1. DO — WRITE A PAGE EVERY DAY
That’s about 200 words, or 1,000 words a week. Do that for two years and you’ll have a novel that’s long enough.
Nothing will happen until you are producing at least one page per day.
2. DON’T — WRITE THE FIRST SCENE UNTIL YOU KNOW THE LAST
This necessitates the use of a dreaded device commonly called an outline. Virtually all writers hate that word. I have yet to meet one
who admits to using an outline.
Plotting takes careful planning. Writers waste years pursuing stories that eventually don’t work.
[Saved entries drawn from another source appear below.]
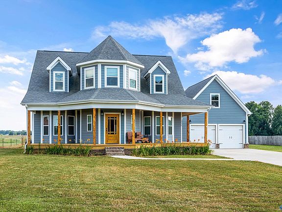 Enjoy stunning countryside views from this custom-built home, designed for energy efficiency with utility bills around $100/month. Enter through gorgeous mahogany doors to an open, airy living space with soaring 21' ceilings. The chef’s kitchen features a massive 120x30 island, granite countertops, stainless steel appliances, and a gas stove with downdraft. The luxurious master suite on the first floor includes a double shower and freestanding tub. Both porches have wood ceilings and floors. Energy-efficient with 30-year shingles and a gas tankless water heater.
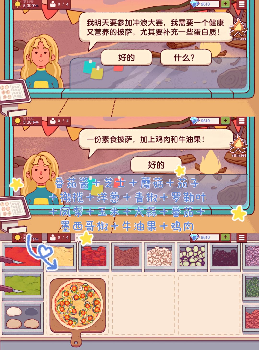⭕ 解题: 妮可的披萨是素食披萨(剧情提到了她喜欢植物, 同时也可以根据付款数推测), 蓝色指的是用蓝色披萨盒子(最开始我还以为蓝色指的是鱼🐟). ⭕ 注意: 在开启新的一天之前, 如果有机配料盒是空的, 顾客付的钱也会因此变动, 所以原则就是, 芝士酱料放上, 然后当天有什么素食材料就加什么, 不要漏. ⭕ 比如下图, 因为本店解锁了所有配料, 那么此时素食披萨卖29.4 加上所有非肉类食材,#美食
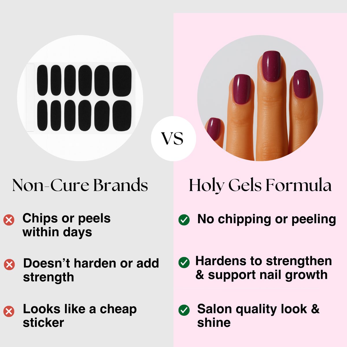 Holy Gels go on in under 10 minutes and last up to three weeks with no lifting, chipping, or dulling — effortless beauty that fits your schedule.
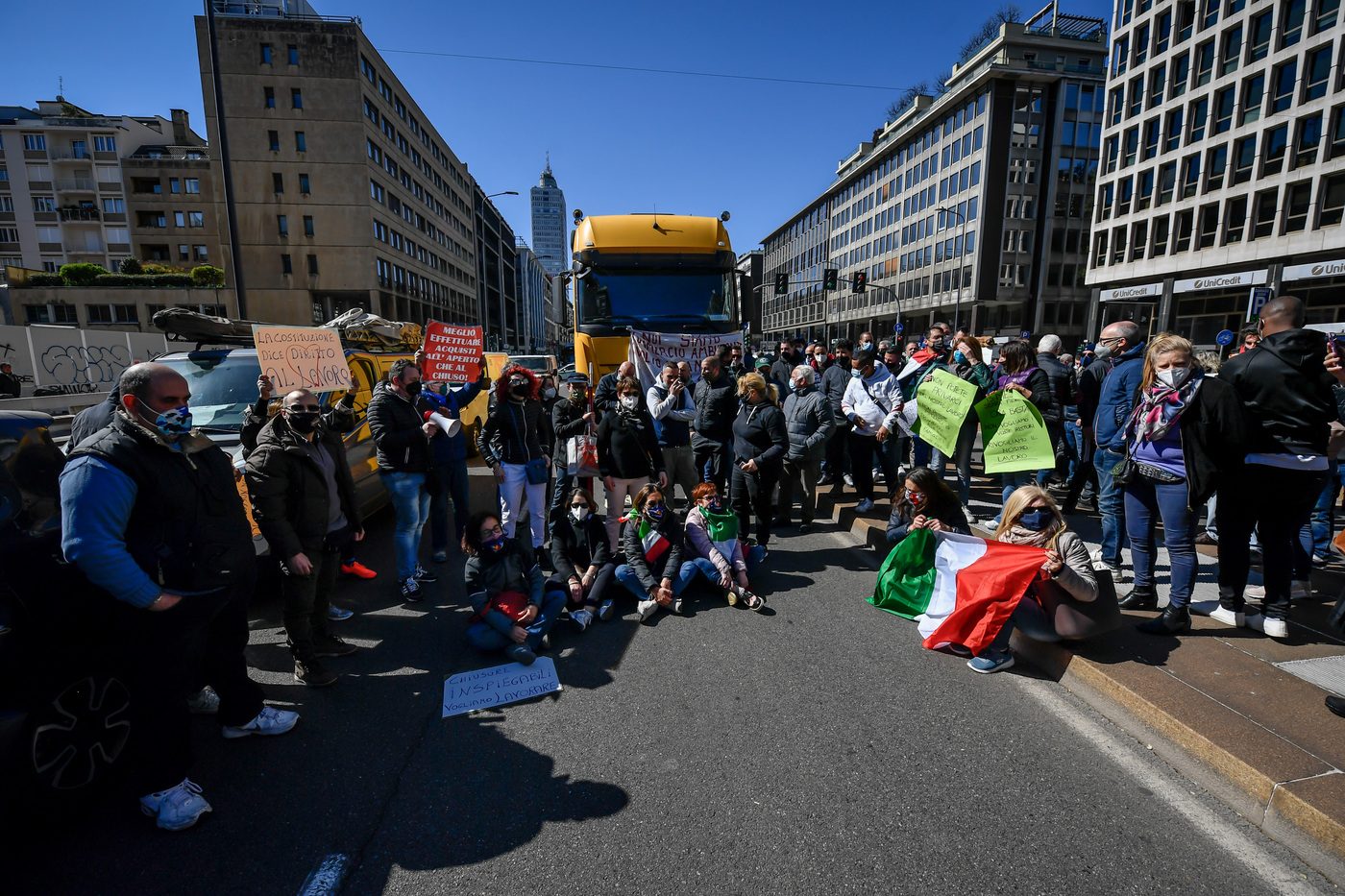 Le immagini della protesta dei venditori ambulanti contro le misure restrittive dei dcpm, bloccata la circolazione nei pressi della Stazione Centrale

3. DO — WRITE YOUR ONE PAGE EACH DAY AT THE SAME PLACE AND TIME
Early morning, lunch break, on the train, late at night — it doesn’t matter. Find the extra hour, go to the same place, shut the door.
No exceptions, no excuses.
4. DON’T — WRITE A PROLOGUE
Prologues are usually gimmicks to hook the reader. Avoid them. Plan your story (see No. 2) and start with Chapter 1.
5. DO — USE QUOTATION MARKS WITH DIALOGUE
Please do this. It’s rather basic.
6. DON’T — KEEP A THESAURUS WITHIN REACHING DISTANCE
I know, I know, there’s one at your fingertips.
There are three types of words: (1) words we know; (2) words we should know; (3) words nobody knows. Forget those in the third category
and use restraint with those in the second.
A common mistake by fledgling authors is using jaw-breaking vocabulary. It’s frustrating and phony.
7. DO — READ EACH SENTENCE AT LEAST THREE TIMES IN SEARCH OF WORDS TO CUT
Most writers use too many words, and why not? We have unlimited space and few constraints.
8. DON’T — INTRODUCE 20 CHARACTERS IN THE FIRST CHAPTER
Another rookie mistake. Your readers are eager to get started. Don’t bombard them with a barrage of names from four generations of the same family. Five names are enough to get started.